There’s this term that we use a lot these days and the way it’s used makes it easier to conflate what it means, and that conflation can make it seem like the term itself is incorrect. This is true for a lot of terms but for now let’s just go in on privilege.

Okay, the way we describe this is ‘thanks to white privilege, thing thing thing,‘ or ‘well, he has white privilege,‘ and I’m only using those simplest versions of these things, because there’s a lot of complicated conversation about what things we do and don’t translate the idea of privilege to. The original idea of white privilege was developed to refer to specific structures about the perception of race and the enforcement of white supremacy, but now it’s used as a kind of useful applicable label for any time when sometimes a demographic group has benefits over another.

Now, this gets into some weird places when the language gets appropraited by TERFs and other dickhead groups – where they will sometimes claim trans women (and it is always trans women) have ‘male privilege’ because they were able to advance themselves ‘as men’ then deploy womanhood after attaining all the advantages that manhood could get them, like a kind of MCV from Command & Conquer.

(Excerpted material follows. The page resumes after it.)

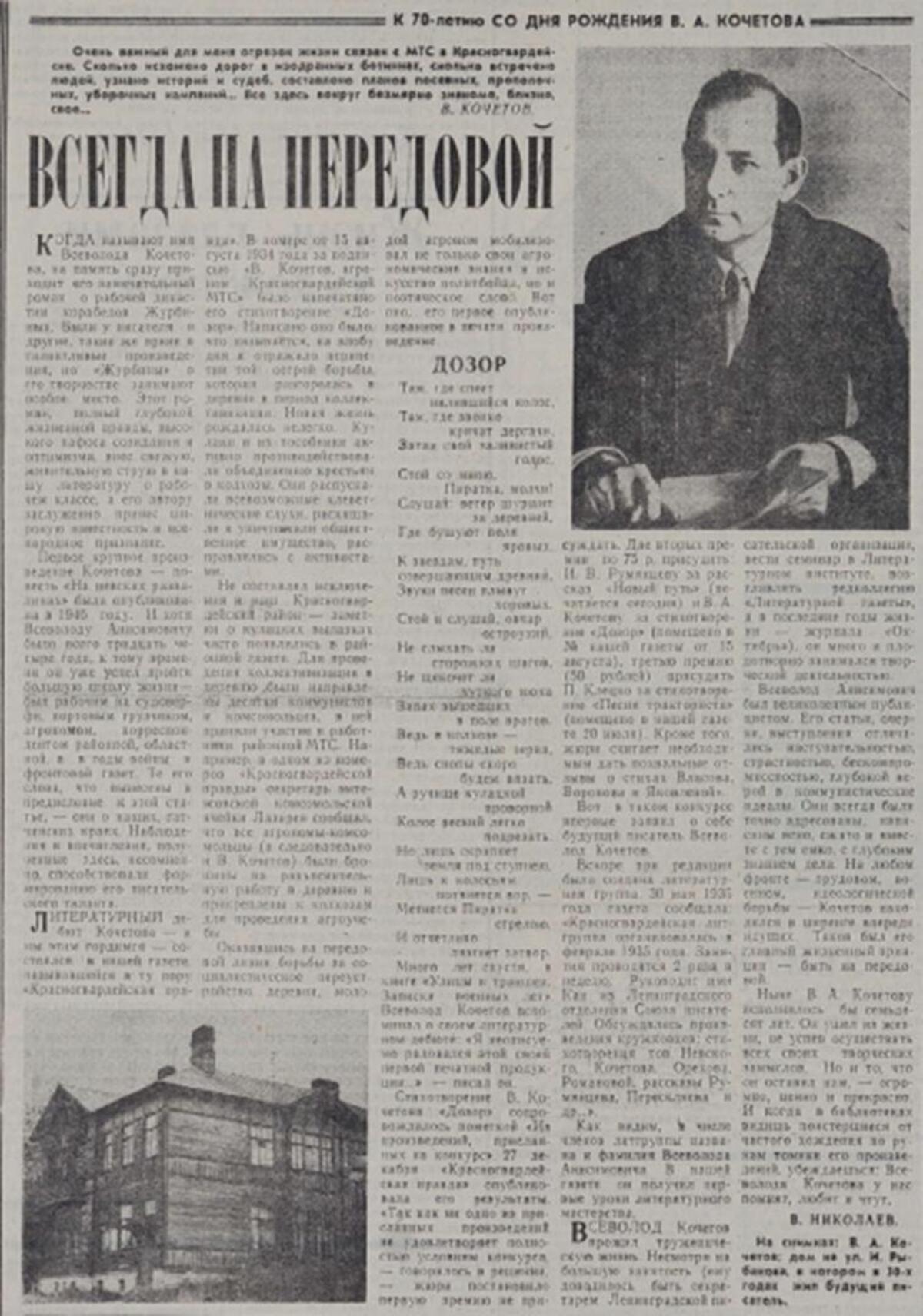 Помимо этого стихотворения, в «Красногвардейской правде» печатались также заметки о социалистическом преобразовании гатчинских деревень, подписанные «Агроном Гатчинской МТС В. Кочетов».

This idea is preposterous, but it’s also indicative of a way that the speaker thinks of privilege. It suggests that male privilege is something you turn off and on again – as if maybe a trans woman talking in coded-masc ways on the phone is able to benefit from her ‘male privilege.’ There’s also ‘straight-passing’ privilege I see some people suggest hovers around ace and bi people, with the idea that ace and bi people can be perceived as straight, and therefore, benefit from straight privilege.

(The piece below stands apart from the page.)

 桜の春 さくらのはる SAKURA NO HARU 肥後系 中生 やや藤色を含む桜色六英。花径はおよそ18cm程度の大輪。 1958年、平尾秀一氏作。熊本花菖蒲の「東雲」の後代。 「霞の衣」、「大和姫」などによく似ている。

This is pish and silly, but I think the reason it needs addressing is not just to win a rhetorical argument but to try and help the people making these arguments (or more reasonably, the people around those arguments who aren’t sure why those arguments shouldn’t be compelling) come to a better understanding of what privilege is.

See, it’s not inherent. Privilege isn’t something you have in you. It’s something you benefit from. It’s a system external to yourself. It’s why people with white seeming names are treated as white when they’re on the phone, and it’s something that society around us enforces through systems but also through our own behaviours.

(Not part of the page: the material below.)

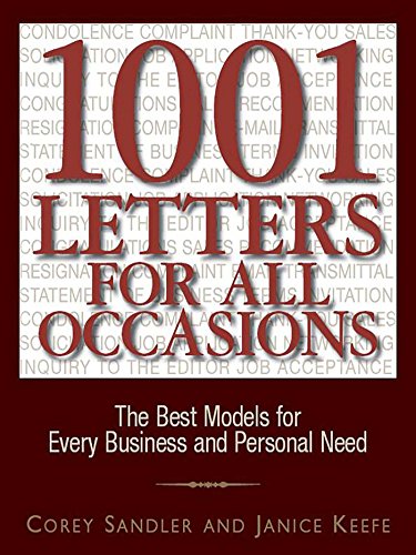 Dear Reader, Welcome to fictional Smalltown, Ohio--where every resident knows how to write clear, concise, attention-grabbing letters. With more samples than any other book, 1001 Letters for All Occasions is the resource any time written communication is in order. Letters are still the best way to communicate, and the residents of Smalltown are happy to share their best examples with you. We provide letters for every personal and business need, including apologies, business proposals, complaints, congratulations, cover letters, invitations, condolences, thanks, and travel letters in three languages. Whether you are writing to your bank, your child's school, or a large government agency, our picture-perfect sample letters will get you the response you want! Sincerely, Corey Sandler and Janice Keefe

There’s a form of straight privilege in my experience, where it’s not just a matter of being passively perceived as straight, not just compliant with straightness, but so compliant you’re against the alternative. In that situation, you can watch as the privileges extended to straightness are withdrawn in a heartbeat when you simply position yourself as say, tolerante of nonstraight people.

There. Basic idea. Privilege is an external system you benefit from as long as you are tangibly interfacing with the system in the ways it wants to encourage. Sometimes that’s a lot, and it asks a lot, and returns a lot. Sometimes it’s withdrawn, and you may seem to think it’s not there at all.

But like the tide, it keeps coming, back, and forth, back and forth. The only way you escape it is to remove yourself from it – or, I suppose, blow up the ocean. This metaphor got away from me.